Girl on the Train

Girl on the Train

Girl on the Train

Girl on the train by Paula Hawkins is one of those books you would love to have on your bookshelf. The biggest reason why is that you cannot call yourself a book-nerd if you have not read this one. The book has earned for itself a cosy spot on many Bestseller lists- GoodReads, Times, etc., and is everything a thriller addict could possibly ask for.

Now, most authors would want their protagonists to be interesting people with interesting lives. Paula Hawkins, however, went for Rachel, an alcoholic with the most mechanical life you could possibly imagine. What is most ironic here is that this book is a top notch thriller with the first few chapters being quite dull and grey; it successfully creates an illusion of normalcy, of nothing seeming to be out of place. Just when you are being lulled into monotony, you come face to face with the turning point of the plot and suddenly everything becomes ten times more interesting. The reader’s curiosity deepens with every page he turns; he quickly reaches the point where the book becomes “unputdownable”.

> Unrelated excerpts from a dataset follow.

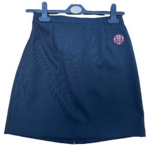
Girl's black contemporary skirt (hem of the skirt must rest at the top of the kneecap when standing)
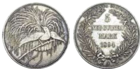
14 German New Guinea 5 Mark 1894A. Dark tone. gVF/aEF $1700-1800
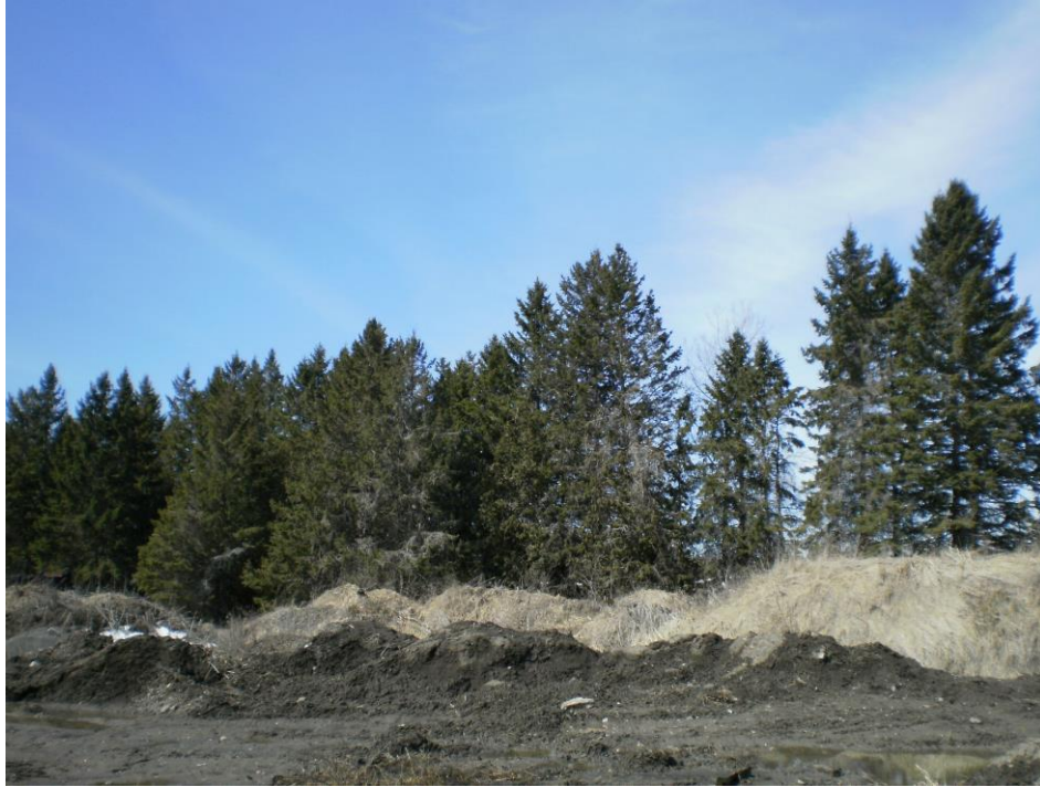
Photos 7 and 8 – Rows of white spruce near the west edge of the site, 260 metres north of Fernbank Road (April 3 rd , 2017 – above, September 14 th , 2014 - below)
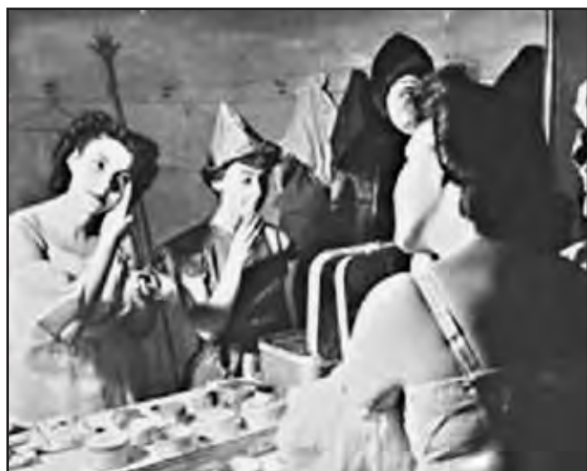
Students prepare for USD Theatre's 1954 production of A Midsummer Night's Dream in this photo from the "USD Photograph Collection" exhibit, scheduled for February and March at CWS.

Art for the Ages II —The Center for Western Studies is pleased to host a second show and sale for the Center for Active Generations arts group from April 8-June 3, 2006. The 2005 show and sale was a great success and we invite the public stop in and support these wonderful local artists. The group has oil, watercolor, and pen-and-ink pieces as well as woodcarving and other crafts available for show and sale. We will schedule a reception for the event.
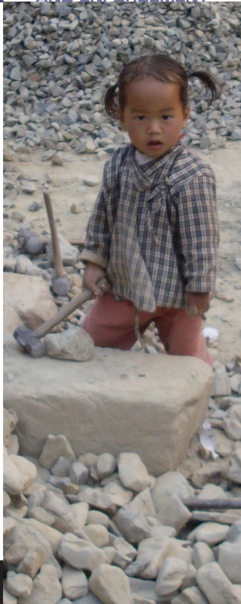
Young Nepalese girl breaks stones in a quarry

Several countries modified their minimum age and compulsory education laws during the period, which may delay the entry of children into the workforce. The African nation of Sao Tome and Principe increased the age to which education is compulsory from 13 to 15. This will likely encourage some children to postpone their entry into work, although children may legally begin working at 14 years of age. Macedonia also increased the age to which education is compulsory—from 16 to 18 years. In Nepal, the Government made education compulsory and free through the eighth grade. Argentina increased the legal minimum age for employment from 14 to 16 years, and specifically prohibited the employment of children under the age of 16 in domestic services. In Egypt, the minimum age for employment was increased from 14 to 15 years. Despite these advances, countries such as Benin, Burundi, Comoros, Equatorial Guinea, Guinea, Mozambique, Niger, Suriname, Swaziland, Trinidad and Tobago, and Uganda continue to allow children to leave school before reaching the minimum age for work, providing

Explaining the plot would most definitely ruin the read, and hence, I’ve decided to explain the character of Rachel, our Girl on the Train. As mentioned earlier she is not built of the usual protagonist material. A person with some serious flaws, Rachel is a divorcee who has sought refuge in alcohol. She drinks excessively and this costs her, her job. Afraid that her apartment owner would not want to have a jobless tenant, Rachel takes a train to London every day pretending that she goes to work. On one of those routine journeys, she sees something from the carriage window that shatters the monotony of her life. It’s only for a brief moment, not even a paragraph but a mere sentence that forms the turning point in the plot.

What is most interesting about the book is the writing style. The reader is compelled to see the picture through the eyes of three different women- Rachel, Anna and Megan, and is compelled to adapt himself to the constantly changing time frame of the plot. Towards the end of the book, the reader is left with random pieces of a puzzle with ABSOLUTELY no idea where each piece fits in the bigger picture. Only when the reader completely finishes the book, can he enjoy the satisfaction of having solved the puzzle. And this is what sets a true thriller apart from the rest.

Reading this book is like sitting on a roller coaster side; you can resume breathing normally only when you finish reading it. By that time, Rachel would have easily gotten herself a place on your “Unforgettable Fictional Characters” list; enough to show that she is more than just a girl on the train.